Esses partidos comportam-se inicialmente como startups monotemáticas focando as migrações, União Europeia, e meio ambiente que são ortogonais à dimensão redistributiva que vertebra o sistema político durante décadas, ancorada em questões como distribuição de renda e emprego. Na Europa, foram criados 110 partidos deste tipo entre 1960 e 2010, e muitos surgiram depois. Em 18 países, 25% deles ultrapassaram o limiar de 5% do eleitorado.
Eles tornam-se competitivos porque introduzem novas dimensões da competição política em conjunturas críticas após choques, como mostram De Vries e Holbot; os partidos dominantes reagem aos novos temas absorvendo-os ou rechaçando-os. Muitos falham. Os principais perdedores têm sido os partidos socialistas e social-democratas. O choque da dupla crise econômica e migratória a partir de 2010 foi o divisor de águas.
Os principais ganhadores foram os partidos radicais à direita e à esquerda, embora sua taxa de sobrevivência seja baixa: a grande maioria malogra. Mas são considerados tóxicos pelos partidos estabelecidos e só raramente logram participar de coalizões de governo (caso de Salvini hoje). A falta de experiência no poder e ausência de quadros explica o desempenho pífio quando chegam lá.
Na América Latina, o choque chegou na forma de fim do boom de commodities e da exposição brutal da corrupção. Os casos do Peru e do Brasil são extremos (há aqui também um elo comum: a Odebrecht). A corrupção torna-se a nova dimensão estruturante da disputa política juntamente com segurança pública e costumes, que deslocou a dimensão redistributiva que vertebrara a disputa política por décadas. O colapso de sistema partidário pouco institucionalizado (Brasil) ou quase inexistente (Peru) baixou o sarrafo para a entrada de outsiders.
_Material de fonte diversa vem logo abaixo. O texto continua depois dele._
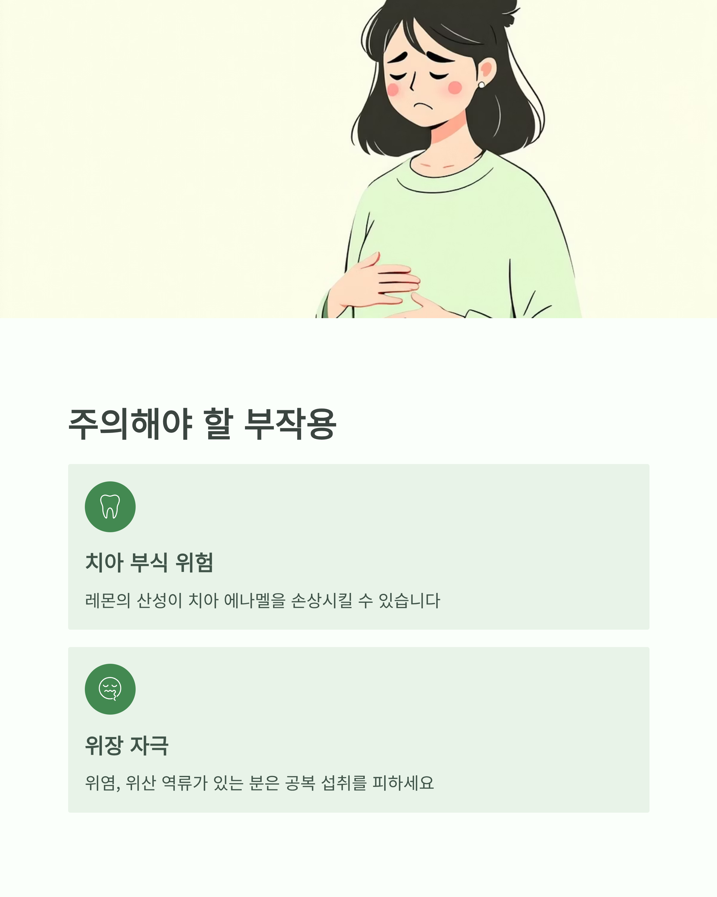 가장 대표적인 부작용은 치아 부식과 위장 자극입니다. 치아 건강을 위해 빨대를 사용하거나 마신 후 물로 입을 헹궈 주는 습관이 필요하며, 위장 질환이 있는 경우 과다 섭취를 피해야 합니다.

A devastação causada pela pandemia trouxe de volta às questões redistributivas, mas surge uma nova dimensão: democracia x autoritarismo. A disputa torna-se trágica e multidimensional: redistribuição, democracia, corrupção. No Peru, a corrupção avassaladora sob Fujimori foi o foco de Castillo, do partido marxista-leninista-mariateguista Peru Libre, deslocando o tema da ameaça autoritária que também lhe afetava frontalmente. (Folha de S. Paulo – 21/06/2021)
Marcus André Melo, orofessor da Universidade Federal de Pernambuco e ex-professor visitante do MIT e da Universidade Yale (EUA)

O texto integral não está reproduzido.